The Chelsea Hotel is not your ordinary hotel—it’s a culture factory on hyper drive. Artists living at the Chelsea have probably produced more great paintings, sculptures, literature, theater, music, photography, and film than any American artistic movement. With an impressive record like this, it’s no surprise that myriad myths and half-truths about the Chelsea and its artists have ascended like a flock of blackbirds. For example, it’s not exactly true that Dylan Thomas died at the Chelsea Hotel. He merely slipped into a coma there in Room 215 where he resided. He did the actual dying at St. Vincent’s Hospital in Greenwich Village. But after his bender at the White Horse Tavern, he did utter his alleged last words at the Chelsea: “I’ve had eighteen straight whiskeys, and I think that’s the record.” It’s debatable that punk rock icon Sid Vicious killed his girlfriend Nancy Spungen at the Chelsea. True, Spungen was stabbed to death in Room 102, and in the famous photograph, that is her body in the bag the paramedics are hauling out under the hotel’s red and white awning.

Although the hotel continued as the Chelsea until 2007, it truly peaked in the 80s. With the dot-com and related real estate boom in New York City in the 1990s, gentrification even hit the Chelsea.  This book examines the fifteen year period between 1980 and 1995, the latter half representing the time when Chelsea – the hotel and the neighborhood – changed for good.
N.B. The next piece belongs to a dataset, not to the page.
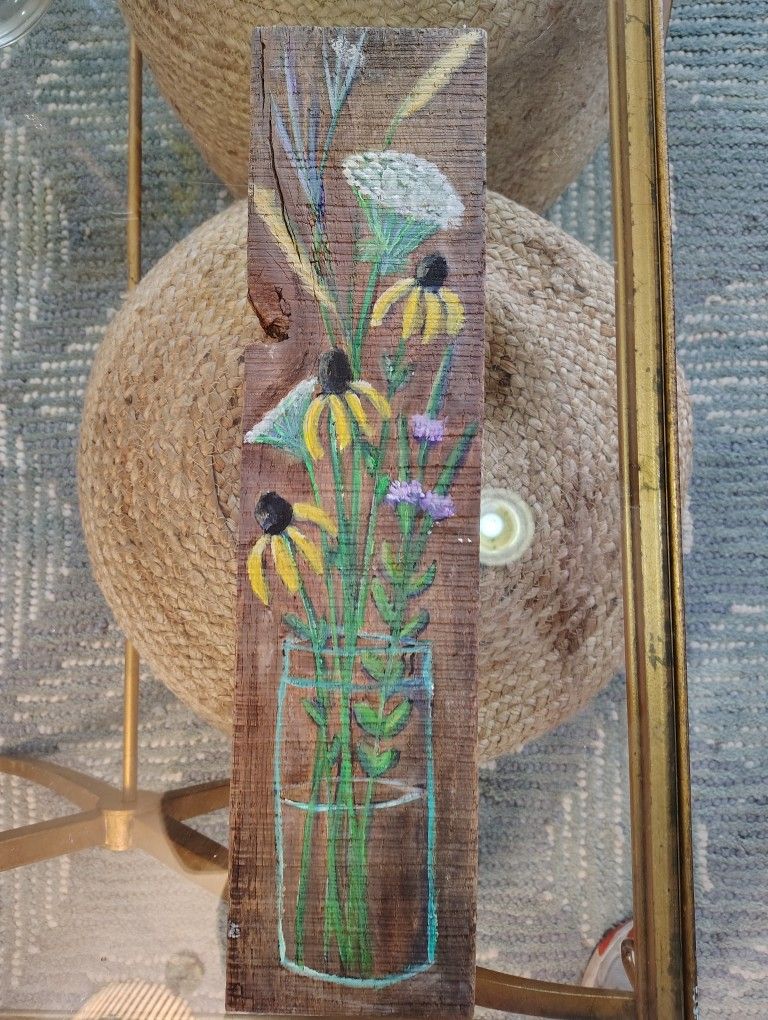 Painted Wildflowers On Rustic Wood Ready To Hang

I actually find it hard to think about the good, bad or otherwise of New York City’s gentrification. While I’ve lived here long enough to see some of it (think Target in East Harlem), I am too young to know most of the old, dark NYC in anything other than books.
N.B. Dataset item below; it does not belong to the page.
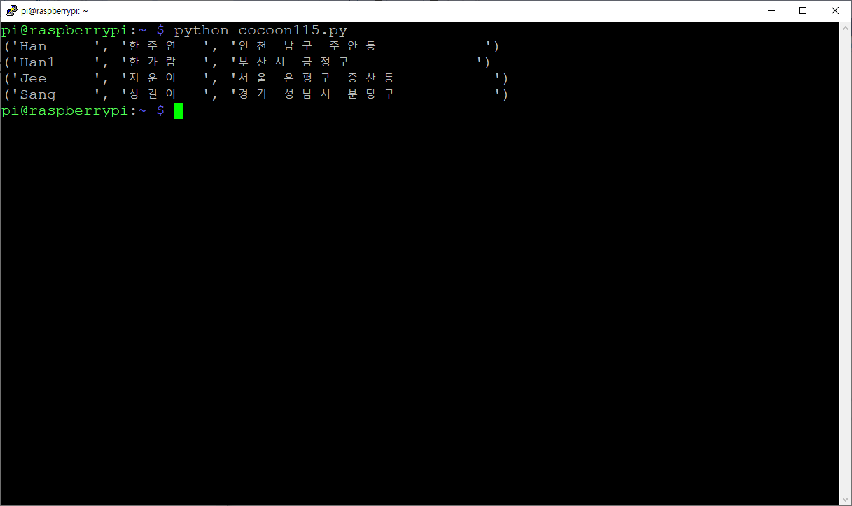 #queryInsert = "INSERT INTO memberTBL VALUES('Han1','한가람','부산시 금정구');"

The Hotel Chelsea has an ugly-duckling sort of stateliness. Built during the transition between Victorian and Edwardian periods, it shows the influence of both. Call it Awkwardian.….If you were to show an innocent bystander a picture of the building, they might guess it was an old insane asylum, back when straitjackets were in vogue. With its high gables, skinny chimneys, its homely-ornate brick façade, and florid wrought-iron balconies, the Hotel Chelsea is gothic, at least in the literary sense of the word.

The benefit of writing this post months after I read the book is I forgot about sections like this. When I was walking in Chelsea I thought I’d spot this easily. It turned out that I needed my Google Maps app and when I saw it, there was definitely a feeling of “that’s it?!?” That said, I love some of the architectural details, especially the balconies. There being a Doughnut Plant at ground level was amusing for reasons I can’t quite put my finger on.

 

 ‘David, you don’t want to get rid of the cracks and the crevices in the building because that’s where the ghosts hide. And if you get rid of the ghosts, the Chelsea will just be any other building.’” So the building underwent some renovation, but nothing extensive.

Apparently, Dream Palace is another book on the Chelsea that I need to read. I’m having the most fun with the Legends blog for more up to date stories than those that are in the book. Are all the stories true? Probably not — but they’re sure an entertaining read. With such an amazing, and landmarked, facade, I can’t wait until it gets warmer to take some photos.